**Task data**
□ □ □ □ □ □ □
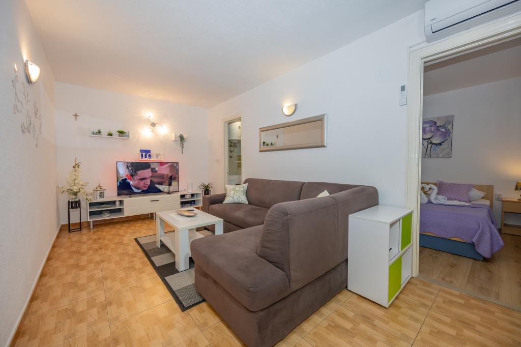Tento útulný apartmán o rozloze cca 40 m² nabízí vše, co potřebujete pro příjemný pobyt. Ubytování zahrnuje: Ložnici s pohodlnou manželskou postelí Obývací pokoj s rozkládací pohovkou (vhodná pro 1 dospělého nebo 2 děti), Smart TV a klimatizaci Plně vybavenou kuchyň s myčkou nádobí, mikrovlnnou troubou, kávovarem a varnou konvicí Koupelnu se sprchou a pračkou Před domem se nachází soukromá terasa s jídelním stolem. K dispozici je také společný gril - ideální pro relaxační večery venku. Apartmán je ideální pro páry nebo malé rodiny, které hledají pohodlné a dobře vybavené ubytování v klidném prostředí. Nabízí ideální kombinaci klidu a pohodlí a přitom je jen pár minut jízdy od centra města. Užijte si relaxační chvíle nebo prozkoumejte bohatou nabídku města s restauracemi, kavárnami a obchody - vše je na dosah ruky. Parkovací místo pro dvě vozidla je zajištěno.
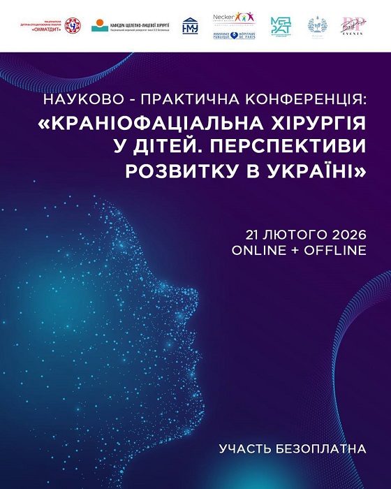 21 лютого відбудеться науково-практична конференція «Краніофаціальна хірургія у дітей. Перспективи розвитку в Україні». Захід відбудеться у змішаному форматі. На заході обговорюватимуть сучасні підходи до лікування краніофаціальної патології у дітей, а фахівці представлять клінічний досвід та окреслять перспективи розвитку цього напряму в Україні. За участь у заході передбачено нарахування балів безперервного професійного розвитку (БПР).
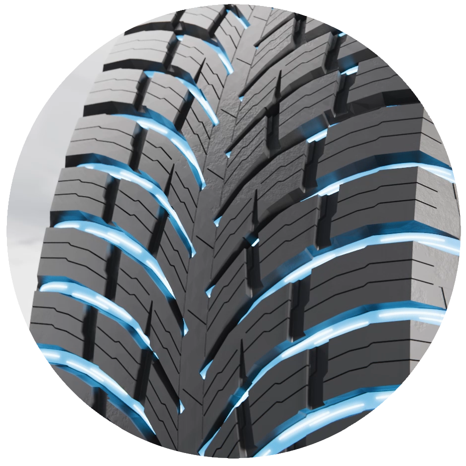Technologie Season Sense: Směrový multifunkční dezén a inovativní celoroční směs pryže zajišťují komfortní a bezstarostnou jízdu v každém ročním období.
□ □ □ □ □ □ □
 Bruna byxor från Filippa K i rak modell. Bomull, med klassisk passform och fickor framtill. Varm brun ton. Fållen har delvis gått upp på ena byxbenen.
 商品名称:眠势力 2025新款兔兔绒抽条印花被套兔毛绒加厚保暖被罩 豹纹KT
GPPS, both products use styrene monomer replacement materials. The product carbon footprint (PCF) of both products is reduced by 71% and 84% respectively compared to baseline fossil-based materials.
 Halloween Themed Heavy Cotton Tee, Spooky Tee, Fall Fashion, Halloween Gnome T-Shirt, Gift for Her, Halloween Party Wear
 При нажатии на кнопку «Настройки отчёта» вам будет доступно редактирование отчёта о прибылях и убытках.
□ □ □ □ □ □ □
**Task item**
For this exercise, repeat exactly the lines of the data above from the one with "商品名称:眠势力 2025新款兔兔绒抽条印花被套兔毛绒加厚保暖被罩 豹纹KT" down to the one with "Halloween Themed Heavy", both end lines included.

**The answer**
 商品名称:眠势力 2025新款兔兔绒抽条印花被套兔毛绒加厚保暖被罩 豹纹KT
GPPS, both products use styrene monomer replacement materials. The product carbon footprint (PCF) of both products is reduced by 71% and 84% respectively compared to baseline fossil-based materials.
 Halloween Themed Heavy Cotton Tee, Spooky Tee, Fall Fashion, Halloween Gnome T-Shirt, Gift for Her, Halloween Party Wear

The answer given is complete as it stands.